How do you find all the real and complex roots of #f(x)=x^3+x-3#?

1 Answer
May 29, 2016

Answer:

Use Cardano's method to find the Real zero:

#x_1 = 1/3(root(3)((81+3sqrt(741))/2)+root(3)((81-3sqrt(741))/2))#

and related Complex zeros.

Explanation:

The discriminant #Delta# of a general cubic in the form #ax^3+bx^2+cx+d# is given by the formula:

#Delta = b^2c^2-4ac^3-4b^3d-27a^2d^2+18abcd#

So in our example, with #a=1#, #b=0#, #c=1# and #d=-3#, we find:

#Delta = 0-4-0-243+0 = -247 < 0#

Since #Delta < 0# this cubic has one Real zero and a Complex conjugate pair of non-Real zeros.

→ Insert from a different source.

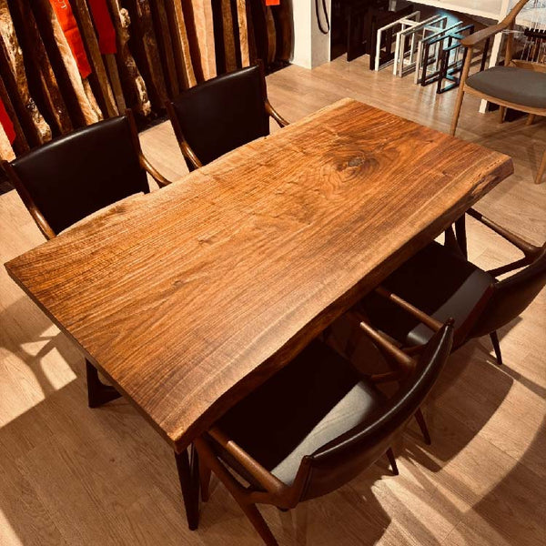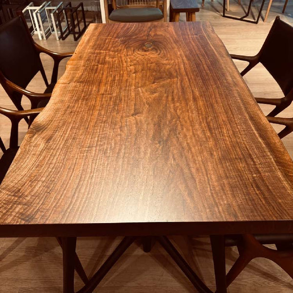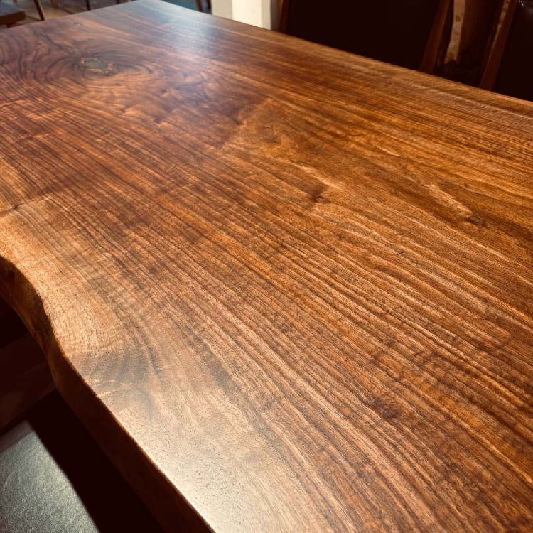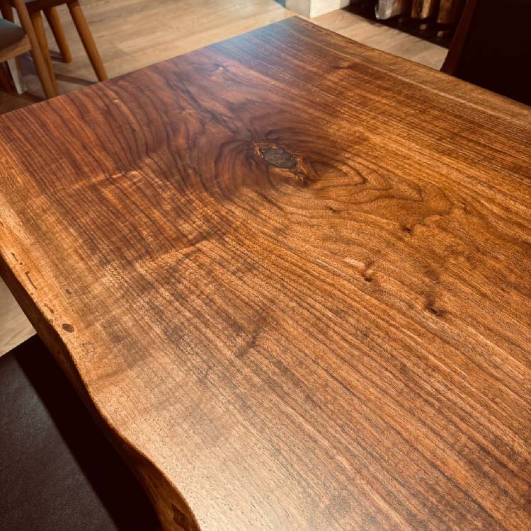 木には人と同じように個性があります。樹種や産地、樹齢はもちろん、同じ丸太から製材した一枚板でも同じものはひとつとしてありません。同じ名前の木でも色の明るいもの、暗いもの、節があるもの、傷があるものなど様々です。それは木が長い年月を過ごしてきた証であり、木が持つ個性です。だからこそ一枚板は‘世界にひとつのモノ’になるのです。

It can be solved using Cardano's method.

Let #x = u+v#

Then:

#u^3+v^3+(3uv+1)(u+v)-3 = 0#

Add the constraint #v = -1/(3u)# to eliminate the term in #(u+v)# and get:

#u^3-1/(27u^3)-3 = 0#

Multiply through by #27u^3# and rearrange a little to get:

#27(u^3)^2-81(u^3)-1 = 0#

Then use the quadratic formula to find:

#u^3 = (81+-sqrt(81^2-(4*27*-1)))/(2*27)#

#=(81+-sqrt(6561+108))/54#

#=(81+-sqrt(6669))/54#

#=(81+-3sqrt(741))/54#

Since this is Real and the derivation was symmetric in #u# and #v#m we can use one of these roots for #u^3# and the other for #v^3# to find the Real zero:

#x_1 = 1/3(root(3)((81+3sqrt(741))/2)+root(3)((81-3sqrt(741))/2))#

and Complex zeros:

#x_2 = 1/3(omega root(3)((81+3sqrt(741))/2)+omega^2 root(3)((81-3sqrt(741))/2))#

#x_3 = 1/3(omega^2 root(3)((81+3sqrt(741))/2)+omega root(3)((81-3sqrt(741))/2))#

where #omega = -1/2+sqrt(3)/2i# is the primitive Complex cube root of #1#.